System Administration

DataRecLab · ‎08-22-2012

It's nice to know that Scott is no longer with Scentsy... But who is he and why do I care?

Well, either I have commited some faux-pa, or no-one has any answers?

mcowger · ‎08-22-2012

Its just an inidication that he was subscribed to this forum. I'll fix it.

To respond to your question - I dont think they are releted.

The PSOD points at a problem with the CPU TLB - so I'd suspect issues with the CPU first.

--Matt VCDX #52 blog.cowger.us

sparrowangelste · ‎08-22-2012

probably bad cpu or mobo.

--------------------- Sparrowangelstechnology : Vmware lover http://sparrowangelstechnology.blogspot.com

DataRecLab · ‎11-05-2012

Late followup - but the following addresses each issue, which apears to have been independent...

The PSOD was being caused by C-States which were reset in the BIOS during a BIOS update.
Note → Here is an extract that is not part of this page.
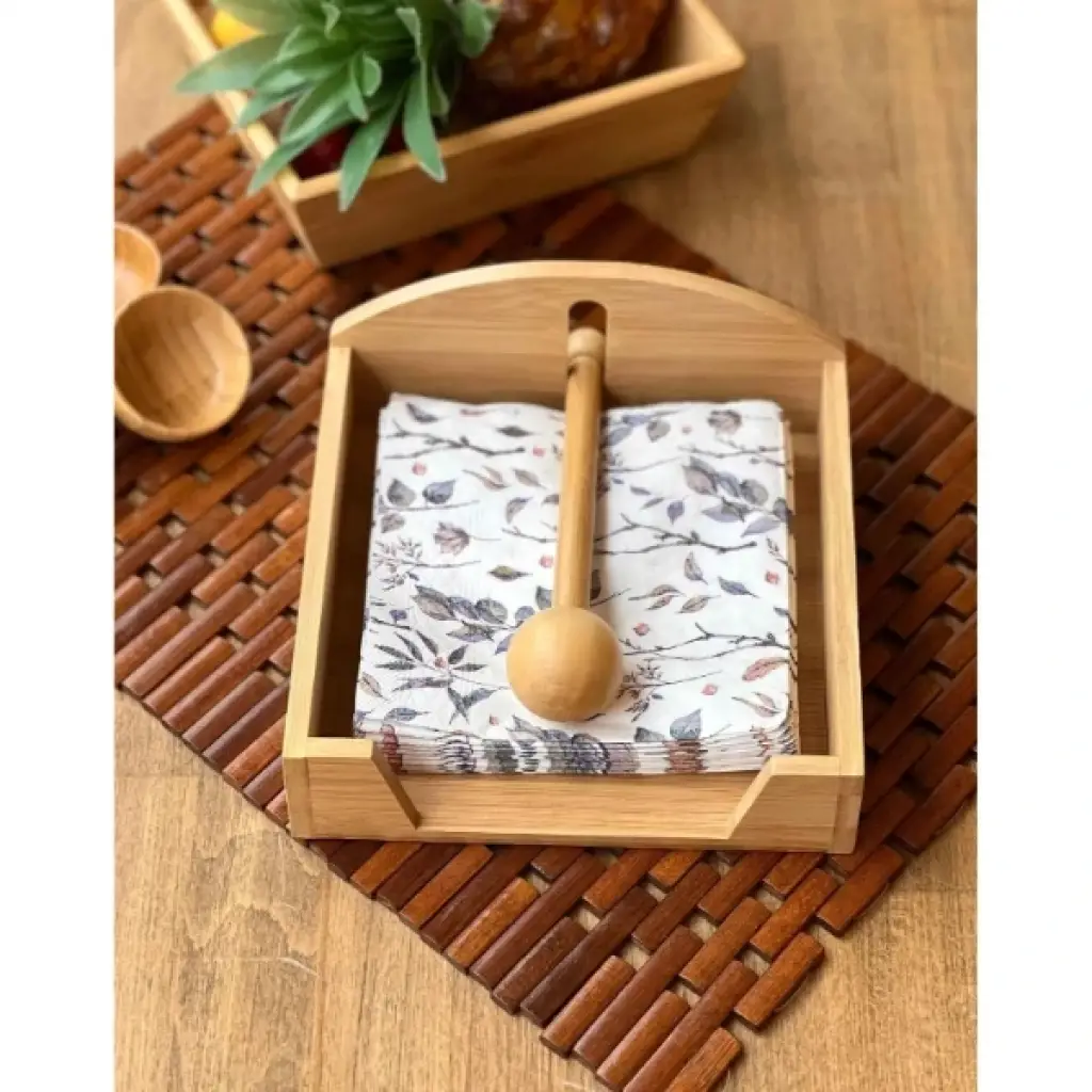 AHŞAP PEÇETELİKÜrün ÖzellikleriDoğal ahşap malzemeden üretilmiş bu şık peçetelik, masalarınıza zarif bir dokunuş katacaktır. Ahşap malzeme, dayanıklı ve uzun ömürlüdür. Şık tasarımı ile hem dekoratif hem de işlevsel bir üründür. Üzerinde yer alan küçük ahşap tutacak, peçetelerin düzenli bir şekilde kullanılmasını sağlar. Bu peçetelik, özellikle evde, restoranlarda veya ofislerde kullanıma uygundur.Paket İçeriği1 Adet Ahşap Peçetelik

Processor C-States must be turned off in the BIOS for ESXi to function properly.

The RDM drops were being caused by a single volume on the MD1000 array which had write-through caching enabled, and under heavy load would not be able to keep up. Ideally, the PERC 5/e controller should not be used with ESXi 5.+ as the controller firmware is depricated.